Reddit needed an AI model for moderating content that would be sophisticated about the many subjects people discuss on the social network. Engineers found that a Nova model enhanced with Reddit data through Forge performed better than commercially available large-scale models, Prasad said. Booking.com, Nimbus Therapeutics, the Nomura Research Institute and Sony are also building models with Forge, Amazon said.
Organizations can request that Amazon engineers help them build their Forge models, but that assistance is not included in the new service’s $100,000 annual fee.
AWS is also introducing new models for developers at its Reinvent conference in Las Vegas this week.
Nova 2 Pro is a reasoning model whose tests show it performs at least as well as Anthropic’s Claude Sonnet 4.5, OpenAI’s GPT-5 and GPT-5.1, and Google’s Gemini 3.0 Pro Preview, Amazon said. Reasoning involves running a series of computations that might take extra time in response to requests to produce better answers. Nova 2 Pro will be available in early access to AWS customers with Forge subscriptions, Prasad said. That means Forge customers and Amazon engineers will be able to try Nova 2 Pro at the same time.
Nova 2 Omni is another reasoning model that can process incoming images, speech, text and videos, and it generates images and text.
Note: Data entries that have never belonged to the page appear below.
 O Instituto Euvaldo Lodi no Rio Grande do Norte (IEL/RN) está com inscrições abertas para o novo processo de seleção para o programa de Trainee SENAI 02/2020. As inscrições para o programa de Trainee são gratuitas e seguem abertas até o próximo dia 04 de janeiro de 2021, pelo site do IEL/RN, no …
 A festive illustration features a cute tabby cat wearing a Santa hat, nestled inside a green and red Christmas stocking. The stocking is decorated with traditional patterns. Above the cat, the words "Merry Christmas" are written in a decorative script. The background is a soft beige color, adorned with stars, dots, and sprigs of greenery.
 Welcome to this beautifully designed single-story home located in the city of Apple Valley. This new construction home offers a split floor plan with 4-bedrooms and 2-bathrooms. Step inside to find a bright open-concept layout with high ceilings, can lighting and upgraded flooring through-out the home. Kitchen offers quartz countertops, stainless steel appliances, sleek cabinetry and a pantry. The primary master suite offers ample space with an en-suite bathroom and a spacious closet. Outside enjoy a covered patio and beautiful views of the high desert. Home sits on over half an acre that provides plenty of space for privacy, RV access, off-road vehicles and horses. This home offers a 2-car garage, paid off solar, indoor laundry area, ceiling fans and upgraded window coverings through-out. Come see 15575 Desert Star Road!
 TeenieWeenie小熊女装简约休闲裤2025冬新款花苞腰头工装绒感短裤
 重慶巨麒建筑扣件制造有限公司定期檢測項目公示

It’s the first reasoning model with that range of capability, Amazon said. Amazon hopes that, by delivering a multifaceted model, it can lower the cost and complexity of incorporating AI models into applications.
Tens of thousands of organizations are using Nova models each week, Prasad said. AWS has said it has millions of customers. Nova is the second-most popular family of models in Bedrock, Prasad said. The top group of models are from Anthropic.